Smart gals are sexier wawawa - at least that’s what my husband says.
My brother is exhibit A for this. Bright guy overall (physician). Financial stupidity no. 1: Marry the blond. Financial stupidity no. 2: Put everything in her name because you are worried about getting sued for malpractice (chance of getting sued for malpractice 1, 2%? Chance of getting a divorce? 50%). Financial stupidity no. 3: Buy a home for $1M in Florida in her name (saving the poster child of a FB) and throw another $1M at it “improving” it. Chance of recovering it? 0%
“A surge in foreclosures is taking a real toll on families, entire neighborhoods and local economies here in Lawrence and across the Commonwealth,” said Patrick. “Our prevention plan is comprehensive and gives distressed homeowners and communities the immediate and long-term relief they need right now.”
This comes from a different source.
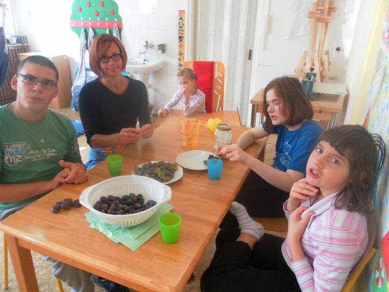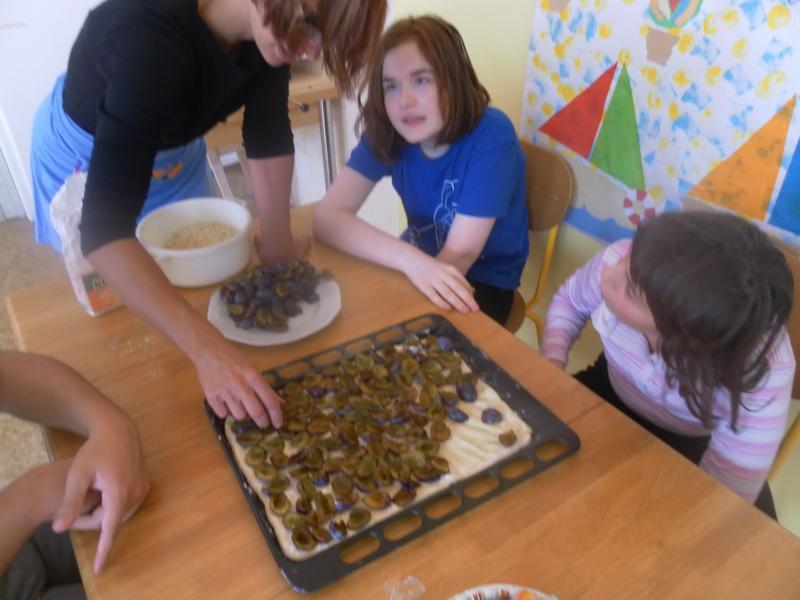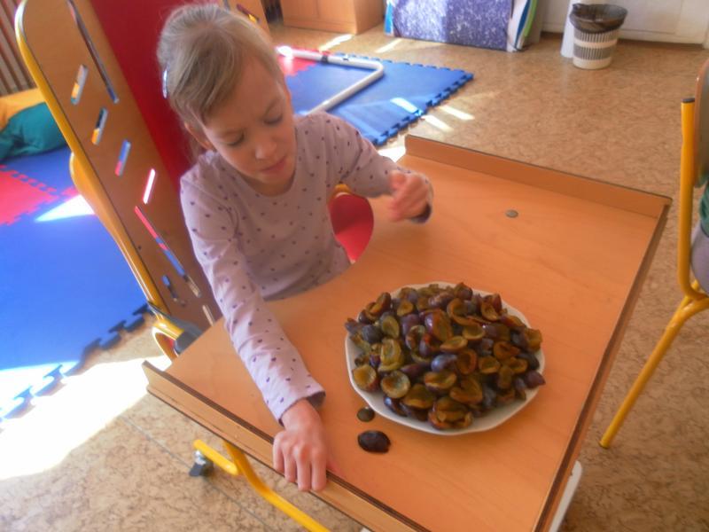 Spojili jsme proto smyslovou a pracovní výchovu a upekli si skvělý švestkový koláč. Následovaly ochutnávky nejen známého ovoce, ale také některých netradičních kousků, například oškeruší, ostružin a malin.

So what is the prevention plan? Do they short sell homes to themselves and then the lender finances them at a low fixed rate?
House prices in CA have to drop and drop big, there’s no other way to go. The market is not moving and buyers are smart enough to wait it out. The boom made most house outrageous overpriced and only a BIG drop will motivate the market to move….but I think the buyer need not rush … housing market is going to be stalled for the next 12-24 months….till spring 2009 at least.